Dan Hoffman was a dark, very handsome man with eyes that seemed to look right through you, even while he was being patient. He had Nancy’s high cheekbones, and when he turned his head so the light caught it I could see the same golden highlights in his hair.
I went through the whole thing for him, the third time today. I was starting to get good at it.
He heard me out, leaning back in his swivel chair, fingers laced behind his head. He was a good listener. Once or twice he leaned forward and made a note on a yellow legal pad.
When I was done he didn’t say anything for a while. Then he sat up straight and tapped a pencil on the desk. “Why are you doing this?”
“Because it has to be done. Because there’s nobody else who can
do it. Because—”
I stopped. Dan had started to hum softly: “The Impossible Dream.”
“Sorry,” he said. “But your name is going to be in this. And unless people can see right off where you are getting yours, they’re going to keep looking. Or make up their own answer. Woodstock was just the first.”
“I don’t have an angle, Dan.”
He looked at me for a while, nodding. Then he looked at his sister.
“How much can I trust him?” he said, as if he was talking about somebody in the next room. She swiveled around to look at me, and the two of them stared like I was an overrated painting.

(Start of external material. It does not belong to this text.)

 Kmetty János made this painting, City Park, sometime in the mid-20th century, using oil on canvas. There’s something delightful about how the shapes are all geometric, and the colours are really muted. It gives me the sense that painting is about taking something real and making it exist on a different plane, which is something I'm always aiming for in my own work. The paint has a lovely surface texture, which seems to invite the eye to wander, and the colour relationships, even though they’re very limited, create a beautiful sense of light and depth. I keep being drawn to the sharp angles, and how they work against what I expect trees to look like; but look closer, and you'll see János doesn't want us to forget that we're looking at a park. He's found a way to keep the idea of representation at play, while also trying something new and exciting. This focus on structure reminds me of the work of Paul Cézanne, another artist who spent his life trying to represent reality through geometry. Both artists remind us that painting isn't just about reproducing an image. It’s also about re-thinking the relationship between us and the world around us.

“I’m not sure,” Nancy said. “Pretty much, I think, but I can’t be positive.”
He looked back at me. “You have to know that I am bound by rules just as strict as those governing the police and prosecutors. I can’t print something unless I can prove it.”
“I know that,” I said. “The point is, I don’t have anyplace else to go with this. He’s taken away my ability to move.”

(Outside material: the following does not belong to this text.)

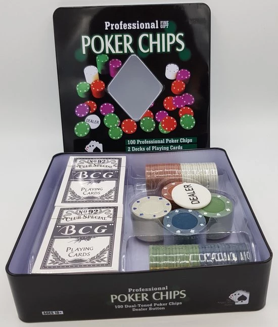 | Verpakkingsinhoud | 1, metaal, doos, zit, 100, stuks, Poker, chips, 1, stuk, Deal, Button, en, 2, speelkaarten. |

“So what do you think I can do?”
“I don’t know if the murders are provable. Not in a way that will stand up in court, or even get a prosecutor to take it seriously. But I’ll be goddamned if I’ll walk away from it without sticking Doyle for something.”
“Membership in Die Bruders?”
“That’s what jumped out at me. It’s on the FBI list of subversive organizations and for an assistant chief of police to be a member is illegal.”
“Is he a member?”
“I think he’s the leader. Maybe you can prove that.”
“How?”
“You would know that better than me.”
“I’m just a lowly newspaper reporter.”
“That’s the first time I’ve heard modesty from one of you guys.”
He laughed. It was a good laugh, a lot like his sister’s. It didn’t do the same things to me, but I could see that it came from the same source.
“All right, Billy,” he said, and held out a hand. It was warm, dry, and firm. “I’ll see what I can do. But it’ll be a lot easier without having to explain why you’re in jail all the time. You’d better disappear.”